In the components-expected.yaml file this is correctly set to debug:

          id: endpoint-default-08ffdcde-0b3a-453a-836f-0362ff4b55e0
          log_level: 3 # DEBUG
          type: 0

However the log level is also coming in as a sub-key of the fleet configuration, which we inject exclusively into the endpoint configuration because it has to contact Fleet Server as well, and that log level is stale at info (probably it was the log level at enrollment time).

Image

This log level injection happens here: https://github.com/elastic/elastic-agent/blob/1c041a29bfde297be5c29e89c7da5df3bd3cc8b2/internal/pkg/agent/application/fleet_server_bootstrap.go#L141-L152

This log level is out of date because we don't update the log level that was set when agent was installed, if I look at what is in the agent-info.yaml block it is also info:

agent_id: 49800f30-88c5-4aeb-b207-acd0732d97ab
headers: {}
log_level: info
snapshot: true
unprivileged: false
version: 8.16.0

This is despite the fact that the current log level received from Fleet was debug as is shown in pre-config.yaml:

agent:
    download:
        sourceURI: https://artifacts.elastic.co/downloads/
        timeout: 2h
    features: null
    logging:
        level: debug
cmacknz commented 4 days ago

The endpoint side fix is to respect the log_level field in the UnitExpected message instead of the one in Fleet. This is what every other component except endpoint uses because they don't get the Fleet config injected.
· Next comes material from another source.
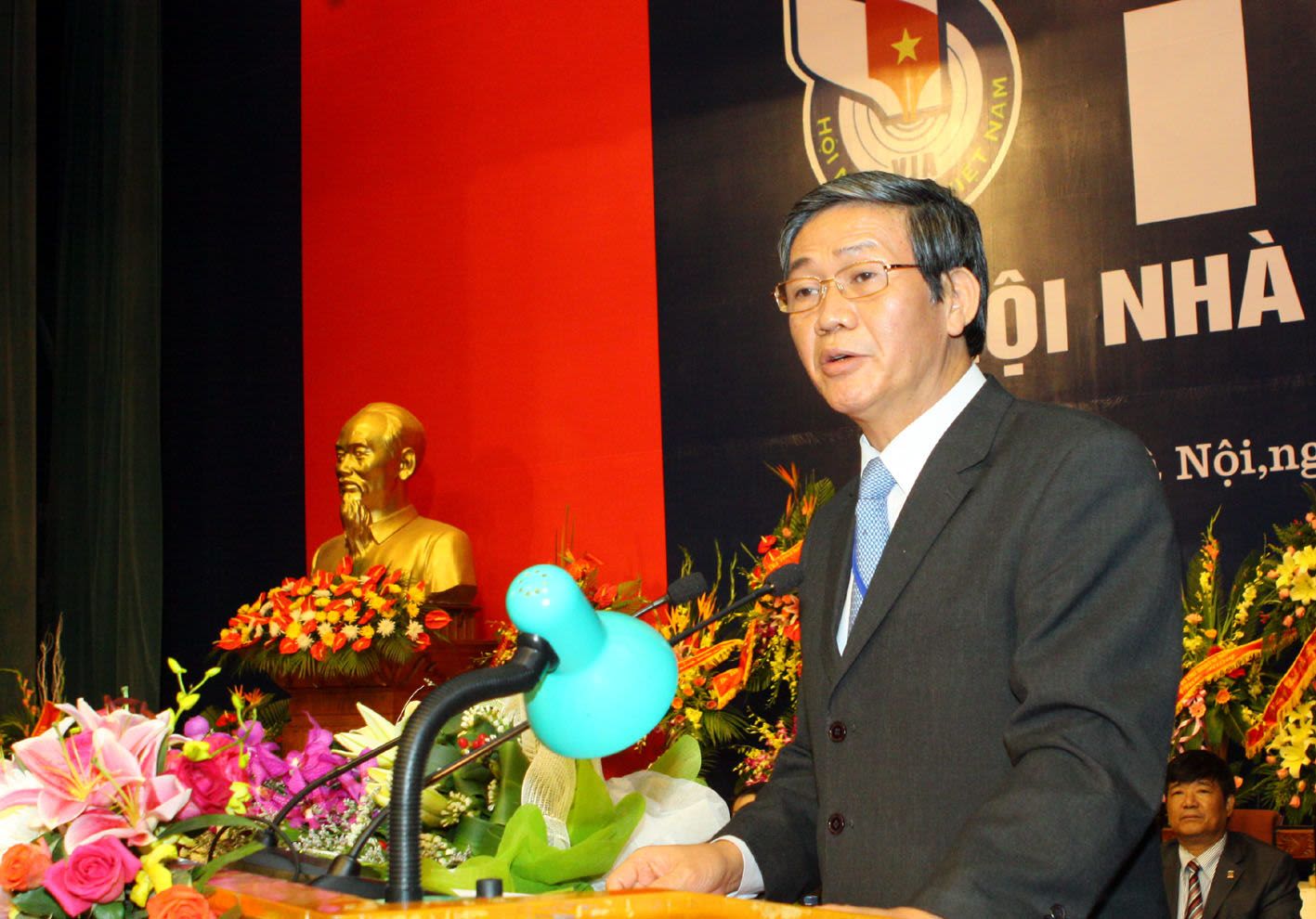 Đồng chí Đinh Thế Huynh phát biểu tại lễ bế mạc Đại hội đại biểu toàn quốc lần thứ IX Hội Nhà báo Việt Nam. Ảnh: Bích Ngọc - TTXVN

The agent side fix would be one or both of:

  1. Making the contents of agent-info.yaml match what was received from Fleet. I remember there were complications around this but I can't remember what specifically.
  2. Having the fleet component modifier populate the log level in the policy from fleet instead of the one in the local agent info, which is not updated.
nfritts commented 2 days ago

The endpoint side fix is to respect the log_level field in the UnitExpected message instead of the one in Fleet. This is what every other component except endpoint uses because they don't get the Fleet config injected.

@brian-mckinney Do you think you could put in a PR for this?